* **What you need to do**: Identify the line with "Discussing project, four"; copy word for word that line and every one after it, to the end of the listing. Exclude pictures.

* **Provided material**:
^^^^^^^^

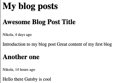 幸运的是,Gatsby会接收所有这些变化,并在/blog ,使一个新的页面可用。如果我们进入/blog ,我们应该看到像这样的东西:
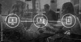 Discussing project, four coworkers wearing business attire at table in office with laptops overlay
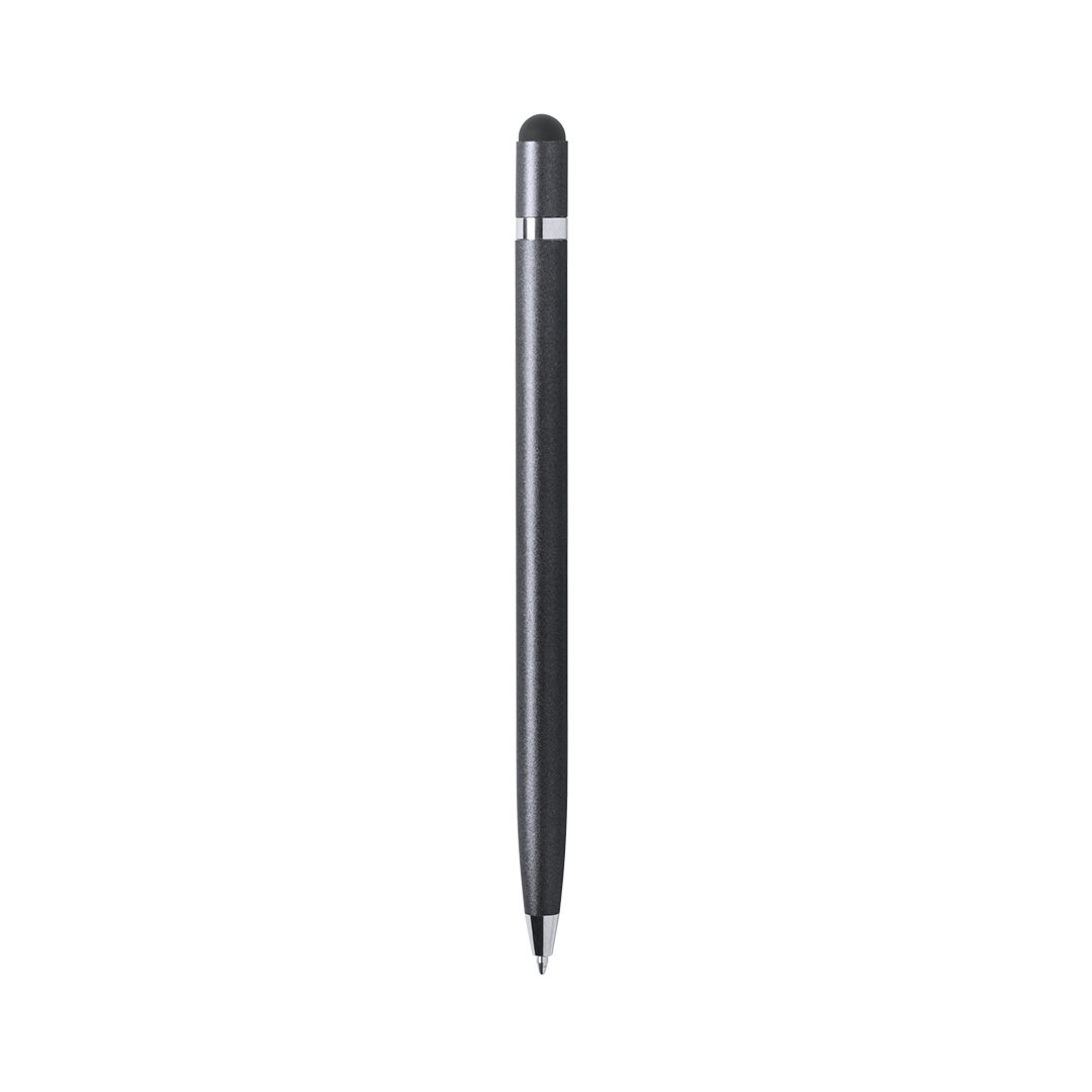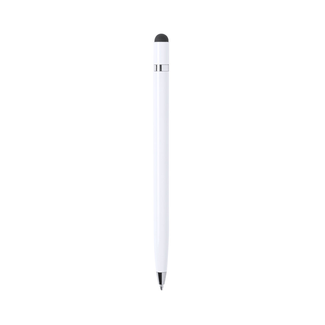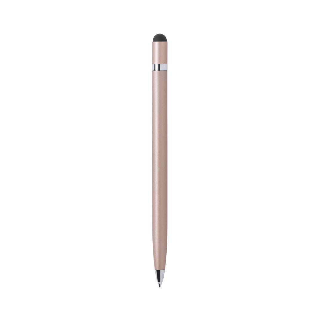Bolígrafo puntero de mecanismo giratorio con cuerpo en aluminio de suave acabado metalizado. Con anilla cromada. Colores dorado, rosa, plateado y grafito con acabado brillo y color blanco con acabado mate. Tinta azul.

^^^^^^^^

* **Output of the task**:
 Discussing project, four coworkers wearing business attire at table in office with laptops overlay
Bolígrafo puntero de mecanismo giratorio con cuerpo en aluminio de suave acabado metalizado. Con anilla cromada. Colores dorado, rosa, plateado y grafito con acabado brillo y color blanco con acabado mate. Tinta azul.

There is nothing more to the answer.